The nominal value of any economic statistic refers to the number that is actually announced at that time, while the ________________ refers to the statistic after it has been adjusted for inflation. A. Empirical value B. Adjusted value C. Real value D. Net value

Real value

A business cycle refers to the A. Continued expansion in Real GDP. B. Recurrent swings (up and down) in Real GDP. C. Continued decline in Real GDP. D. Period when Real GDP grows at unusually high rates. E. None of the above

Recurrent swings (up and down) in Real GDP.

The base year is the year A. In which prices are unstable. B. In which prices are lowest. C. In which prices are highest. D. That serves as a reference point or benchmark. E. In which nominal output is largest.

That serves as a reference point or benchmark.

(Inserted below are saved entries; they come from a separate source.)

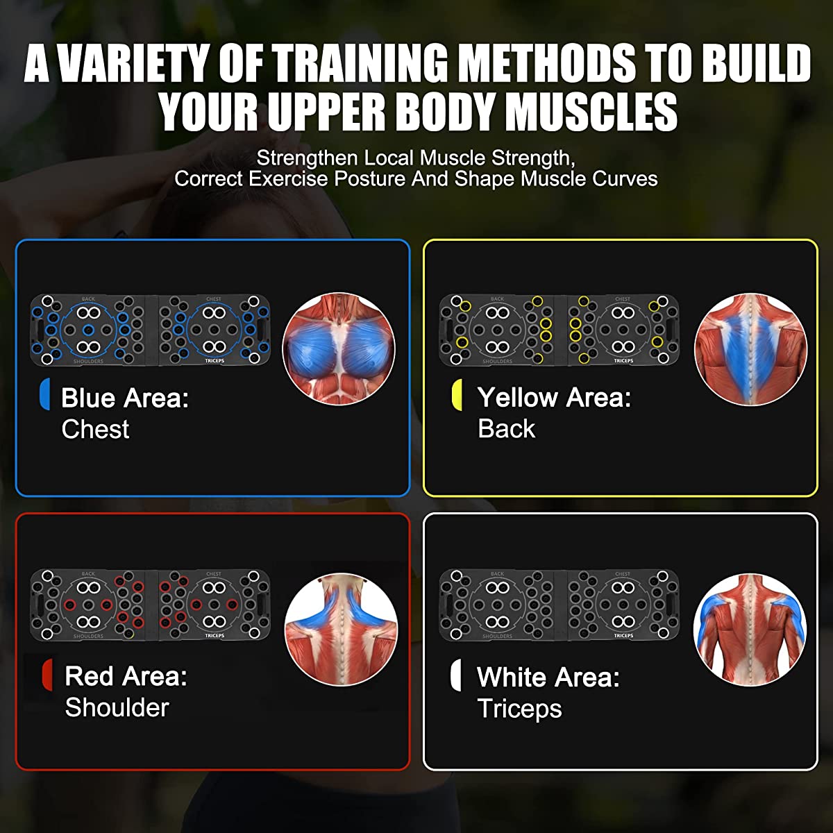 The push up board is color-coded for multiple highly effective pushup postures, optimizing your push up technique and reducing errors. It's scientifically proven to activate 30% to 50% more muscles, and detailed instructions are provided with professional training guidance for developing your major and minor muscle groups.
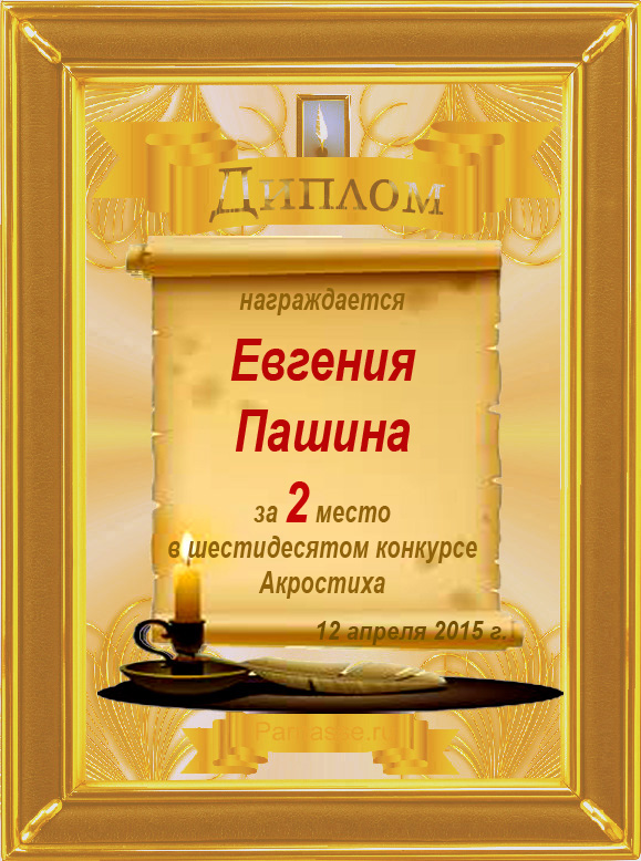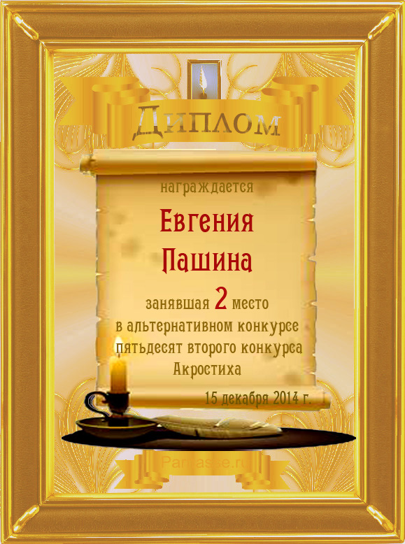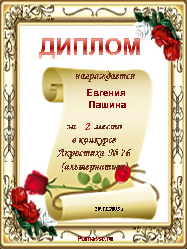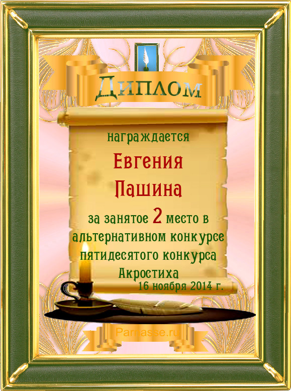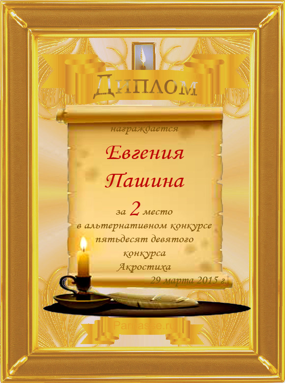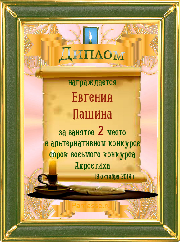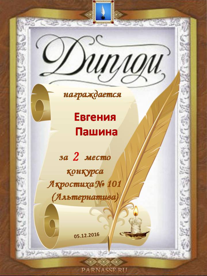 Диплом за 2 место в 101 конкурсе АКРОСТИХА (Альтернатива)! ПОЗДРАВЛЯЮ!
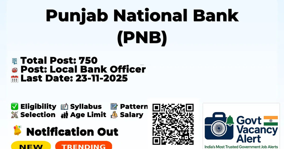 Company Name Punjab National Bank (PNB) Post Name Local Bank Officer No of Posts 750 Pay Matrix Rs. 48480-85920 Qualification Any Graduate Age Limit 20 to 30 years Start Date for Apply Online 03-11-2025 Last Date for Apply Online 23-11-2025 Official Website pnb.bank.in
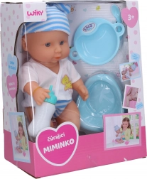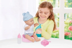 Bébé réaliste de 30 cm pour jouer aux parents, capable de faire pipi après avoir bu au biberon et d’émettre jusqu’à 10 sons différents. Inclus: petit pot, biberon, assiette et cuillère. Piles 3× AG13 incluses.
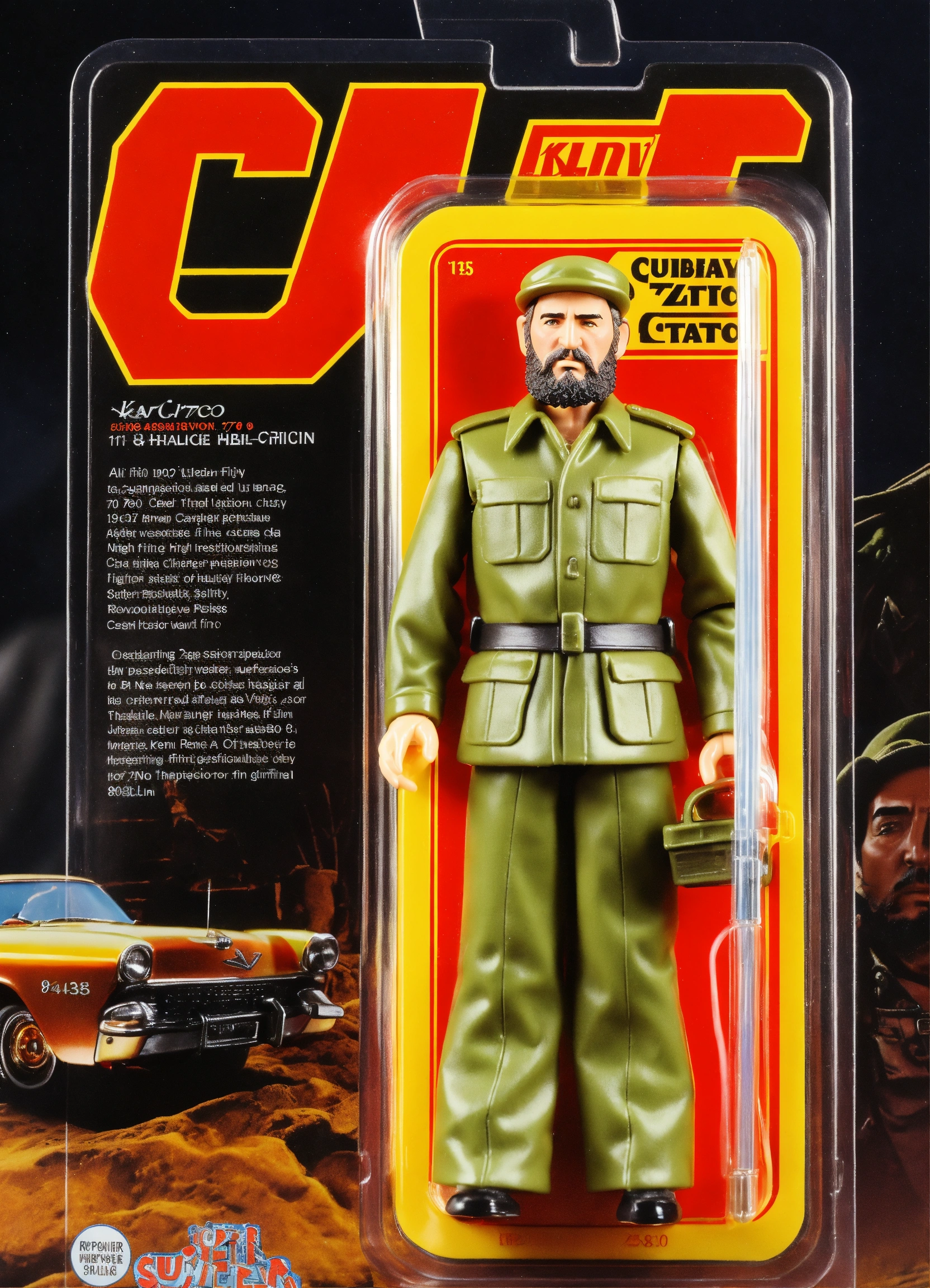 Design a kenner action figure toy or a super 7 reaction figure toy of the iconic revolutionary cuban leader fidel castro. the toy should embody the retro aesthetic reminiscent of classic '70s and '80s action figures made by kenner. incorporate fine details such as his iconic beard, cigar, olive military suit, staying true to the kenner action figures made in the 70's and 80's approach of high-quality craftsmanship and attention to detail. also with the classic packaging made by kenner company or super 7 reaction packaging.
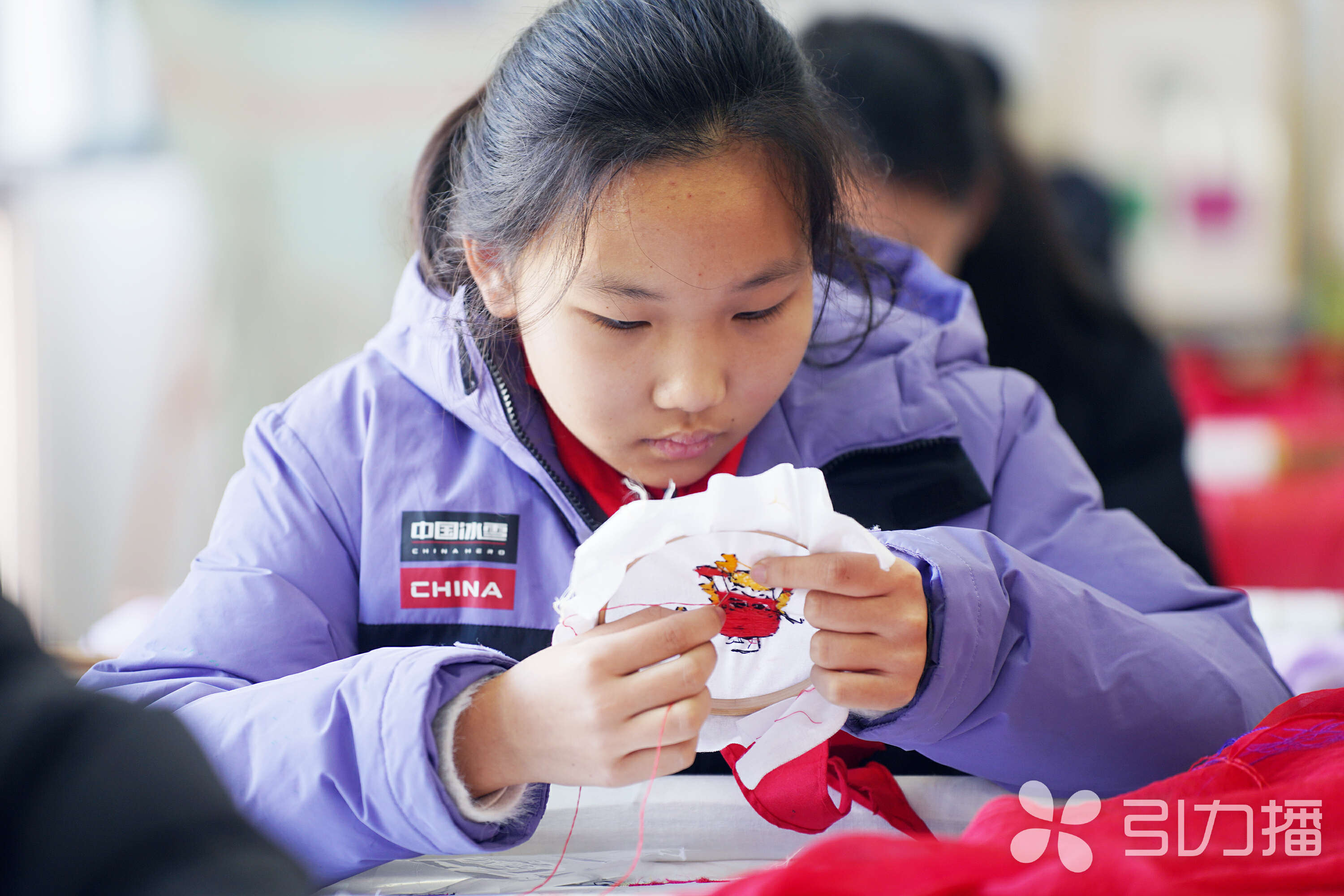 在社团教室,绣绷整齐排列,线团在桌角滚动——有的孩子绣卡通图案,色彩明快,也有人选择更传统的花鸟纹样,针脚细密。几名男同学穿针引线同样熟练,手指捏线、下针、回针一气呵成,像是在完成一项“很酷”的挑战。
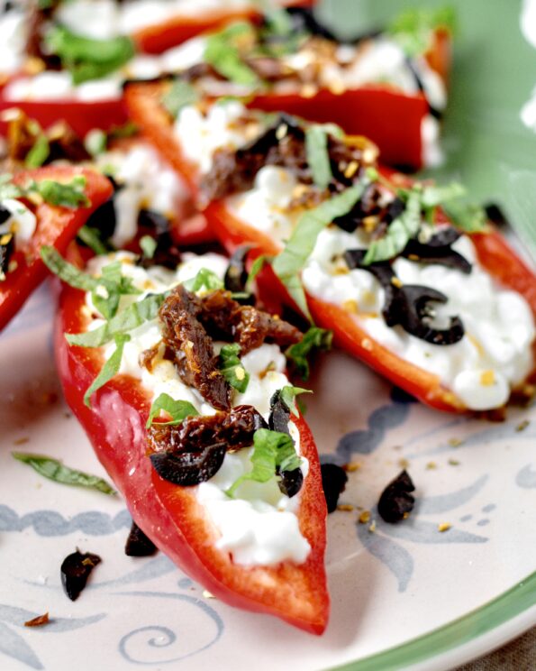 - Kom ønsket mængde hytteost i de halverede snackpebre (masser af hytteost, hvis du spø'r mig) og kom soltørrede tomater, oliven, frisk basilikum på. Drys med hvidløgspeber og havsalt.
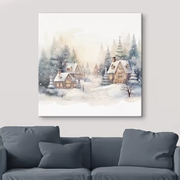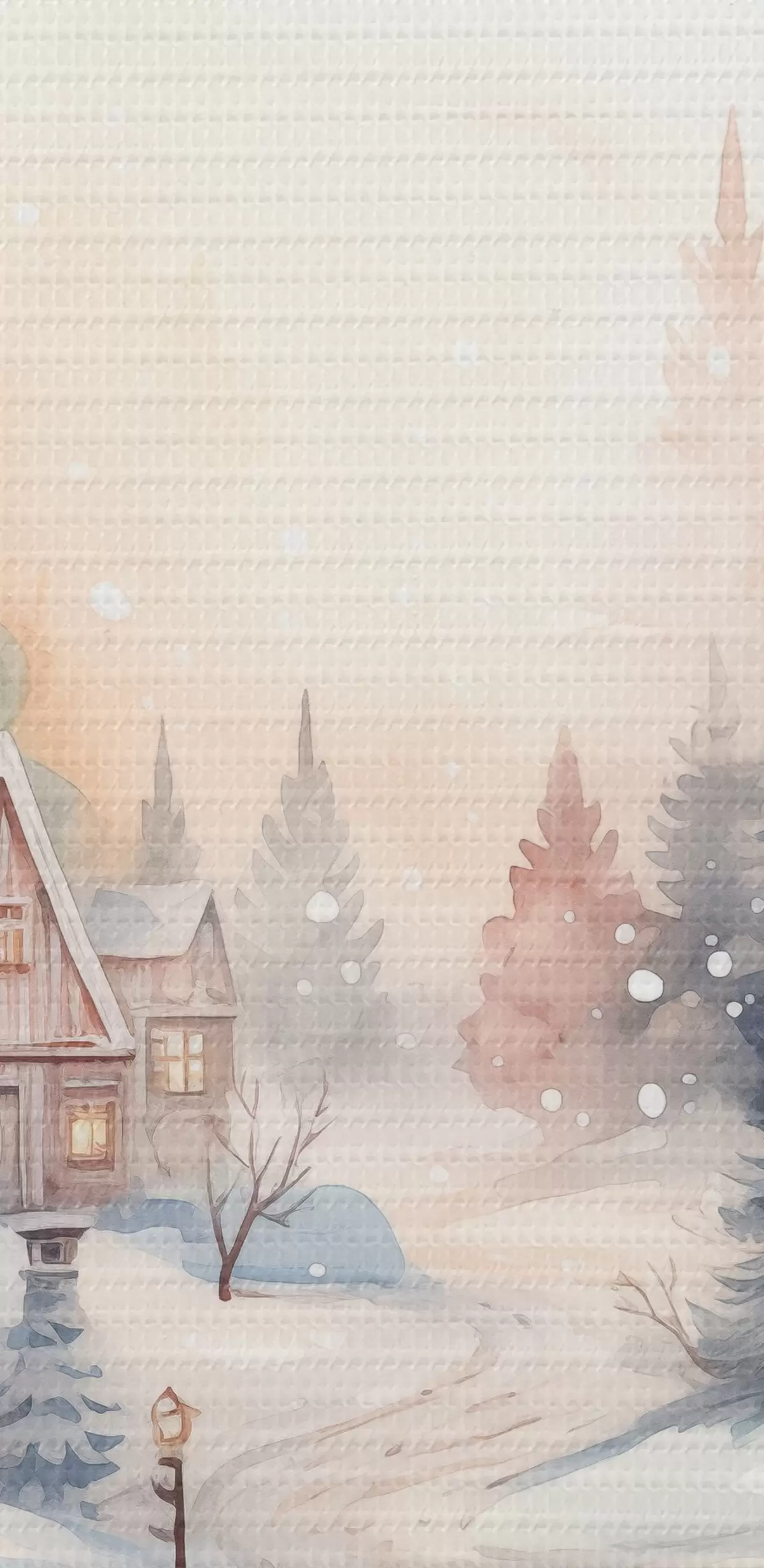 murales Paisaje de invierno, bosque de pinos, hermosas casas, acuarela, susnet s41390

Which of the following is counted in GDP? A. The purchase of 100 shares of Microsoft stock B. The services of a real estate broker C. Government transfer payments D. The sale of a used car E. None of the above

The services of a real estate broker

The best reason economists take only final goods and services into account when calculating GDP is that A. This is the way things have always been done. B. They want to avoid the problem of final counting. C. They want to avoid the problem of double counting. D. This is the only way things can be done.

They want to avoid the problem of double counting.

The gap between exports and imports in a nation's economy is called the ___________. A. Trade surplus B. Trade balance C. Trade deficit D. Trade inventory

Trade balance

Is it possible for a country with a relatively large GDP to have a relatively small per-capita GDP? A. Yes, since the country with a relatively large GDP could have a relatively large population. B. No, since countries with a relatively large GDP (such as the United States and Japan) also have relatively high per-capita GDP. C. Yes, but only under the condition that the country "produces" relatively more "bads" than other countries. D. Yes, since government transfer payments may be exorbitantly high in the country with the relatively high GDP. E. There is not enough information to answer this question.

Yes, since the country with a relatively large GDP could have a relatively large population.